Sister Machine Gun of Quiet Harmony
@A Conservative Teacher:
I own a bound copy of the Constitution and the Declaration of Independence. One thing I’ve learned from listening to Tea Party people is that they love to wave it around, but they only seem to have read VERY selective parts of it. They completely ignore or dismiss large chunks of it. For example, FREEDOM gets defined as being the freedom to conduct business without reasonable restrictions. Individual liberty, especially that stuff about EVERY PERSON having the right to contest their detention and to be tried, seems to be entirely ignored. I’m also not sure how it is possible for their to be infinite tax cuts and no cuts to medicare, social security, or defence and YET have a smaller government and reduced deficits. It is fantasy budgeting.
Bob Loblaw
@Nick:
You believe that Roger Ailes and Jim Demint are existential threats to Western democracy. They aren’t. Barack Obama’s primary problem is procedural abuse in one of his own country’s legislative chambers.
Josef Stalin carved out half of Europe and threw it behind the Iron Curtain. Then he initiated the Cold War.
There’s a difference.
Anon.
“(And yet, he still ended up with legislation that the insurance companies and banksters screamed about —which seems to contradict the line that those bills were just big pay-offs to those industries.)”
It doesn’t. Unfortunately there’s plenty of evidence that the whiny babies running the big finance companies will scream if you even propose to look at what they’re doing, even if it involves a big payoff. They are *that* full of themselves.
Anon.
@Bob: “Barack Obama’s primary problem is procedural abuse in one of his own country’s legislative chambers.”
Similar procedural abuse actually led to the destruction of 17th century Poland, which ended up carved up by its neighbors. As Krugman noted.
This is in fact a threat to the existence of the United States.
Anon.
“If we want the kind of country that respects civil rights and civil liberties, we’d better fight in this election. ”

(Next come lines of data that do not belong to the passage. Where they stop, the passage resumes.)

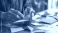 • Elderly person skillfully folding an orange origami crane surrounded by colorful paper squares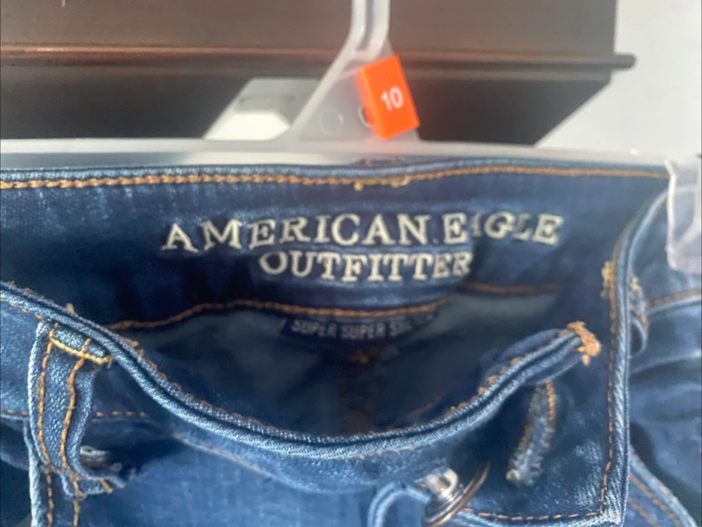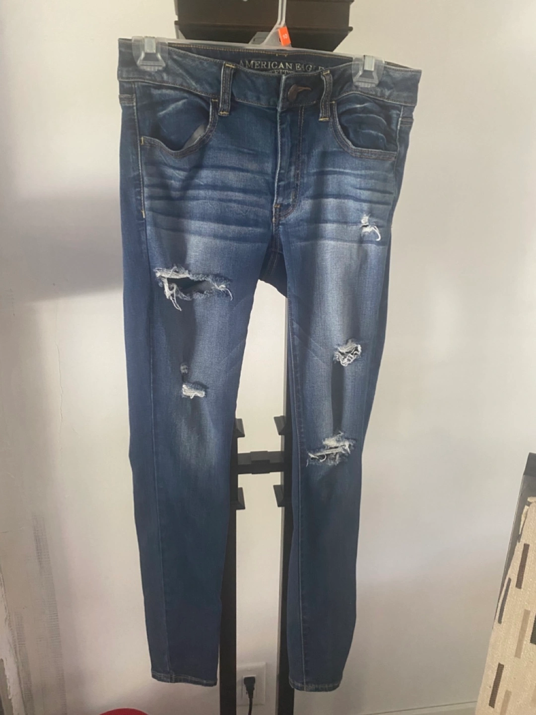 Selling a pair of American Eagle jeans in size 6They have a super super stretch. They're in good condition, with some stylish distressed details.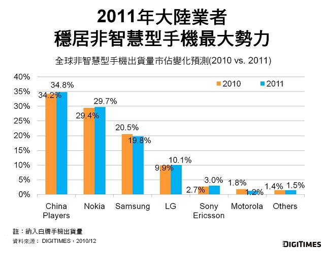 另一方面,智能型手機(Smartphone)采用觸控面板比重持續升高,幾乎完全取代PDA功能,且占整體手機比例亦逐年提高;除此之外,自從臺灣芯片廠聯發科推出山寨機用基頻IC公版,并將電阻式觸控面板控制IC內建于基頻IC公版中,幾乎已使觸控面板成為山寨機標準配備,目前滲透率超過7成。因此,整體而言,手機應用已突破整體中小尺寸觸控面板出貨量7成。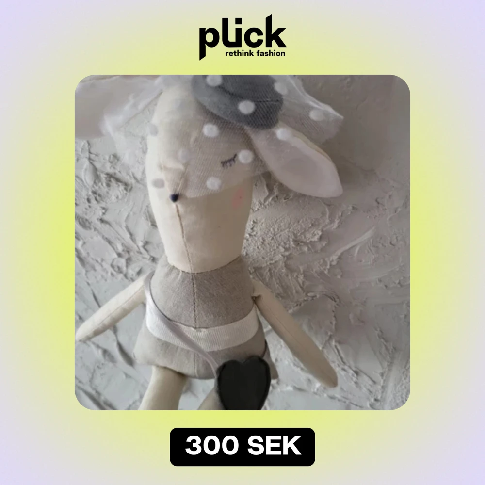 Storlek: H 40 cm Färg: Beige Material: Bomull och tyll Fyllning: Polyester silikonfyllning Underhåll: De kan rengöras med mild tvål och vatten. Ögon och näsa är handbroderade,armar och ben rör sig och alla kläder och accessories är avtagbara.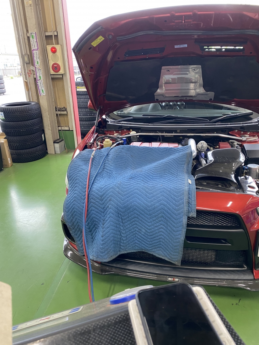 本日はランエボのお客様がエアコンガスの補充をしにご来店されました!
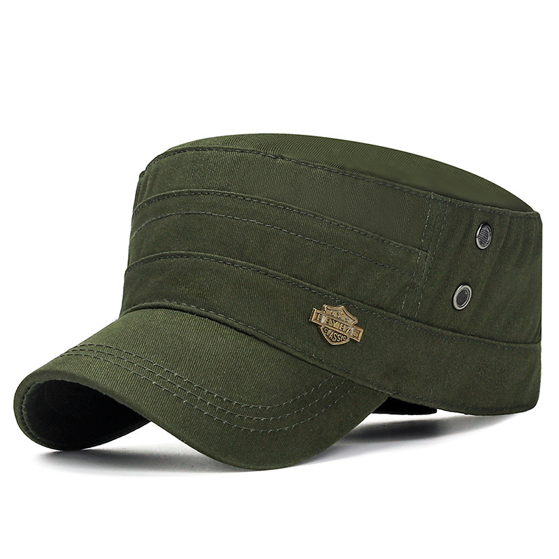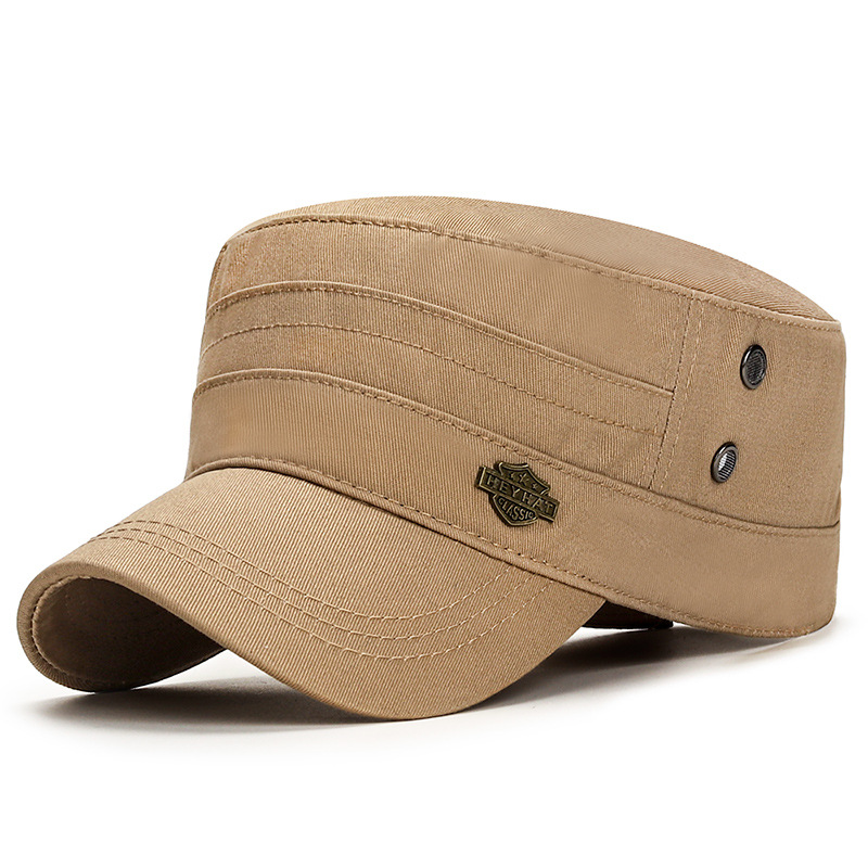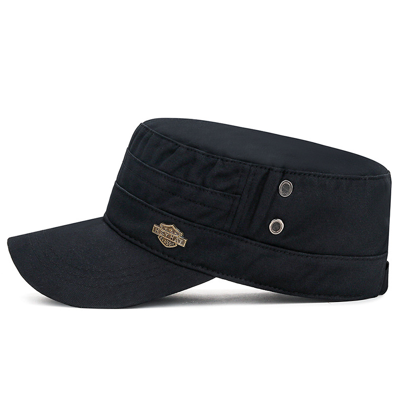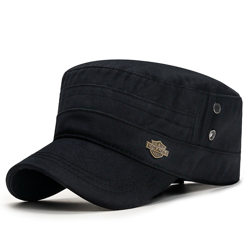 男士平顶帽春秋四季新款棉质铁标户外休闲遮阳鸭舌帽跨境外贸帽子

Hmm. On which side? Not Obama’s, clearly.
Anon.
Nied, I’ll *GIVE* you an answer:
Before the Civil War, abandoning the Whigs and Democrats for not being liberal enough may not have changed the Whigs and Democrats …. but it did create the Republican Party, which *was* more liberal, and it also caused the Whigs to evaporate, leaving room for the Republican Party to win elections.
A Conservative Teacher
@Sister Machine Gun of Quiet Harmony: Are you serious? You own a copy of the Declaration, so you are now an expert? And you seriously think that your interpretation of what the founding fathers meant when they wrote it means anything at all? Read Locke, Hobbes, Rouseau, and other Enlightenment philosophers- many ‘tea baggers’ have and therefore are a lot more educated than you (or President Bobbles the Clown) are on constitutional law and theory. Government exists to protect life, liberty, and private property rights, which all existed before the state, and only exists for that reason, because empowering it to do anything else leads to less security of human lives (death panels, decisions to suppress life-saving drugs because they are too expensive, abortion, etc), less security of liberty (increasingly being forced by the gov to make decisions, by both liberal Democrats and liberal GOPers), and less security of private property (increasingly confiscatory tax laws, seizures of businesses by the government in violation with laws, etc). Wake up, or else one day you’ll find yourself dead at the hands of a tyrant.